§ **Exercise prompt**
A word-for-word reproduction of the data below is needed, with no pictures in it.

§ **Given information**
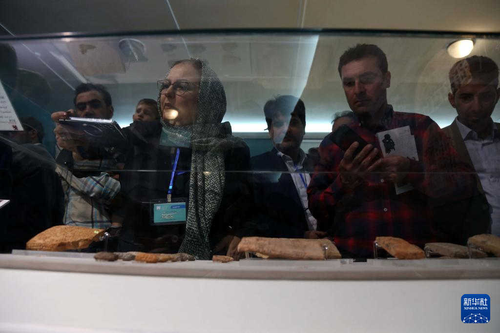 5月18日,在伊朗德黑兰,人们在伊朗国家博物馆观看展出的古泥板。
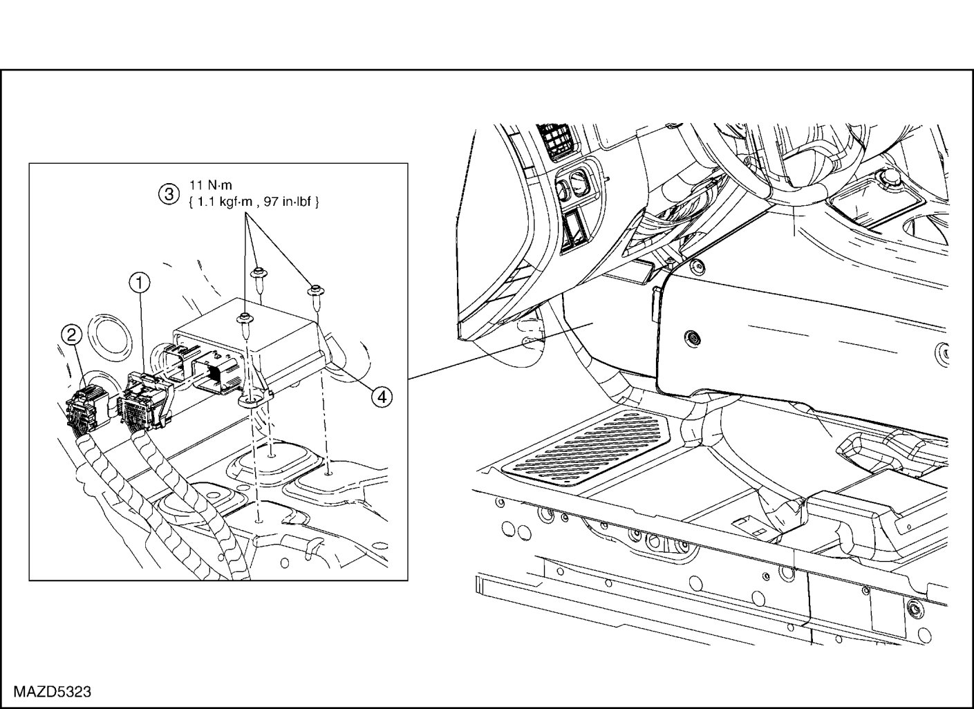 - Tighten to 11 Nm {1.1 kgf-m, 97 in-lbf}.
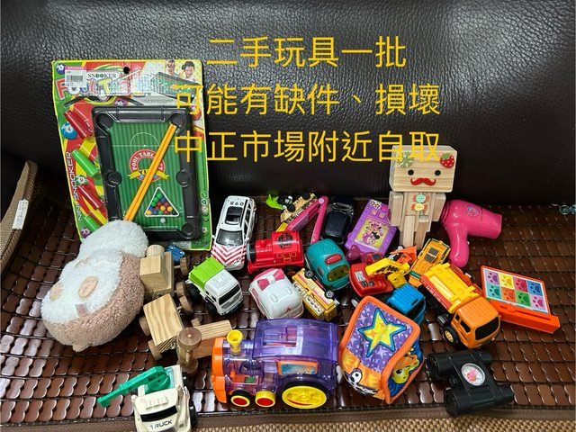 物品項目: 1.兒童桌(很大,請確認車子載的下)(已預訂) 2.工程車玩具(送出) 3.大眼蛙水杯(不含吸管) 4.汽車小百科(破損,需自行修補)(送出) 5.平衡玩具(有缺件)(送出) 6.造型毛巾 7.蝸牛造型小背包 8.小白熊娃娃 9.著色用具 10.英文cd 11.積木 12.玩具一批(送出) 13.二手奶嘴盒 14.吊飾

§ **Written solution**
 5月18日,在伊朗德黑兰,人们在伊朗国家博物馆观看展出的古泥板。
 - Tighten to 11 Nm {1.1 kgf-m, 97 in-lbf}.
 物品項目: 1.兒童桌(很大,請確認車子載的下)(已預訂) 2.工程車玩具(送出) 3.大眼蛙水杯(不含吸管) 4.汽車小百科(破損,需自行修補)(送出) 5.平衡玩具(有缺件)(送出) 6.造型毛巾 7.蝸牛造型小背包 8.小白熊娃娃 9.著色用具 10.英文cd 11.積木 12.玩具一批(送出) 13.二手奶嘴盒 14.吊飾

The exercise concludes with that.